In Österreich läuft die Umsetzung der EU-Entgelttransparenzrichtlinie bis zum 7. Juni. Die Regierung unter Kanzler Karl Stocker und Arbeitsministerin Judith Schumann steht unter Zeitdruck. Die Wirtschaftskammer warnt vor überbordender Bürokratie.

Entscheidende Wochen für die Finanzpolitik

Am 21. Mai legt die EZB ihre Frühjahrsprognose vor. Die Daten bilden die Grundlage für die weitere Zinspolitik und beeinflussen die Finanzierungskosten der Staatshaushalte maßgeblich.

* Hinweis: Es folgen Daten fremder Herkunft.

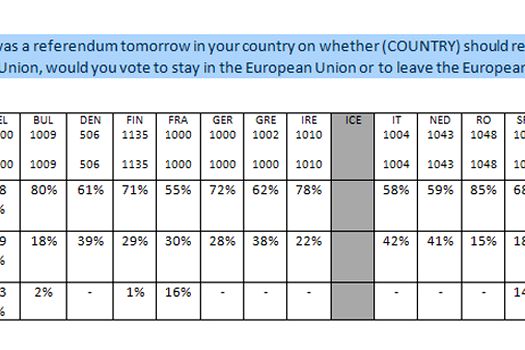 Astfel, la întrebarea „Dacă mâine s-ar organiza un referendum privind rămânerea sau ieşirea ţării dumneavoastră din UE, aţi vota pentru a rămâne sau pentru a ieşi din Uniunea Europeană?”, s-au obţinut următoarele rezultate:

In Österreich richtet sich der Blick auf den 10. Juli. Dann soll das Doppelbudget für 2027/28 verabschiedet werden. Die Regierung muss Prioritäten setzen – zwischen Investitionen in die Transformation und der geforderten Haushaltsdisziplin.

Ob sich die Politik zu drastischen Einschnitten wie der Halbierung des Beamtenapparats durchringen kann, bleibt abzuwarten. Die prognostizierte Arbeitslosenquote von 7,5 Prozent für 2026 dürfte dabei eine gewichtige Rolle spielen.